Riforme, non colpi di spugna

Alessandro Merli
04 Dicembre 2020

L’ipotesi di cancellare il debito pubblico, o almeno la parte detenuta dalla Banca centrale europea, è stata rilanciata recentemente in un’intervista a “Repubblica” dal presidente del Parlamento europeo, David Sassoli, che si si presume parlasse non nella sua veste istituzionale, ma a titolo personale e ha poi fatto una parziale marcia indietro, e in un’altra all’agenzia Bloomberg del sottosegretario alla presidenza del Consiglio, Riccardo Fraccaro. Non ha trovato molta eco in Europa, salvo che, in misura limitata, in Francia, e forse non è del tutto un male.

 

Reazioni contrarie

Le repliche non sono tardate, prima di tutto dalla BCE, dove sia la presidente Christine Lagarde, sia il membro del comitato esecutivo Fabio Panetta hanno fatto appello ad argomentazioni giuridiche, spiegando come si tratti di una operazione vietata dai Trattati (articolo 123). Panetta ha anche osservato che “se cancelliamo un debito, cancelliamo anche il credito corrispondente e ciò potrebbe avere conseguenze destabilizzanti di vasta portata”, per concludere che “solo la crescita ci proteggerà dal debito” 

Sono state presentate da diversi economisti argomentazioni tecniche, fra cui Tommaso Monacelli, dell’Università Bocconi, sul sito lavoce.info sul perché la cancellazione del debito pubblico detenuto dalla BCE sia, alla peggio, una cattiva idea, e alla meglio, una partita di giro che non risolverà nulla.

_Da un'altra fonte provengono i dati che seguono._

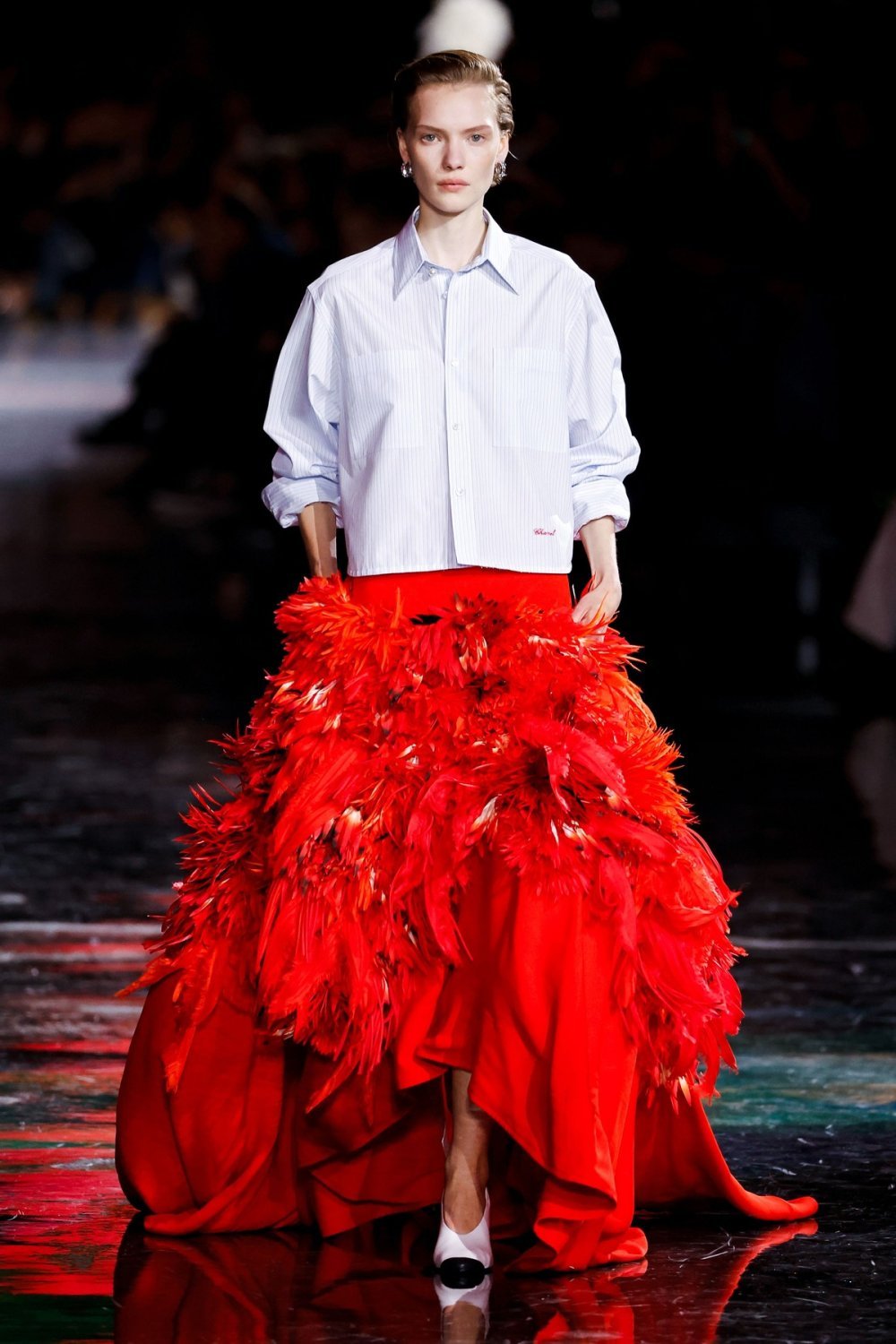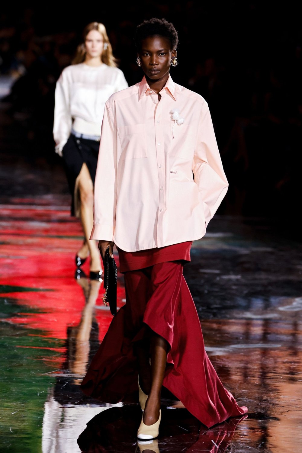 Prva košulja, klasično bijela, kombinira se s dugom crnom suknjom. Druga, u nježnoj ružičastoj boji, nosi se uz suknju u boji burgundca, dok je treća, s plavo-bijelim prugama, upotpunjena suknjom ukrašenom crvenim perjem. Svaka od ovih košulja ima posebne detalje: ovratnici ukrašeni perlicama, diskretni vez s natpisom 'Chanel' i lančić ušiven u podstavu, čime je klasičan kroj podignut na novu, profinjenu razinu.

In un articolo per Il Sole 24 Ore del 29 novembre, Natacha Valla, ex economista della BCE, oggi preside della School of Management and Innovation a Sciences Po, e Christian Pfister, vicedirettore generale della Banca di Francia, lo chiamano “il gioco delle tre carte”, e sospettano che dietro la proposta ci sia la malcelata intenzione (probabilmente non da parte di Sassoli, ci sentiamo di aggiungere) di distruggere l’euro.

Sono state poi fatte valutazioni sulla capacità di una banca centrale di operare con capitale negativo o sulla minaccia alla sua indipendenza qualora dovesse ricorrere massicciamente a un reintegro con fondi dei Governi e alla credibilità della politica monetaria.

 

Debiti buoni e debiti cattivi per tutti

Tutte argomentazioni valide, ma le vere ragioni per cui la proposta di cancellazione, anche parziale, del debito è sbagliata, nei tempi e nella sostanza, sono anzi tutto politiche.

Viviamo in un mondo di tassi d’interesse a zero o sotto zero, in cui i Paesi dell’area euro (e non) non hanno alcuna difficoltà a rifinanziare il debito. “Relax sul debito pubblico; non troppo, perché questa situazione non durerà per sempre, ma relax”, ha detto l’ex capo economista del Fondo monetario, Olivier Blanchard. Altrove, come negli Stati Uniti, si è capito chiaramente che l’attenzione va rivolta altrove: su come spendere, e spendere bene. Il compito di Janet Yellen alla guida del Tesoro, sostiene Mark Sobel, della think tank Omfif, lui stesso un ex alto dirigente del Treasury, sarà di negoziare e fornire il supporto intellettuale per convincere la probabile maggioranza repubblicana al Senato che ora è il momento di spendere. Con il costo del servizio del debito così basso, afferma Sobel, l’America non si deve preoccupare dell’aumento del debito. 

L’Europa, e soprattutto l’Italia, non è l’America, ma rischia di essere controproducente che nel momento in cui i tassi e gli spread sono bassi e lo resteranno a lungo, e i rischi per la sostenibilità del debito sono quindi molto bassi, a richiamare l’attenzione sul problema dello stock del debito siano proprio esponenti politici del Paese dell’eurozona con il debito più alto (dopo la Grecia). 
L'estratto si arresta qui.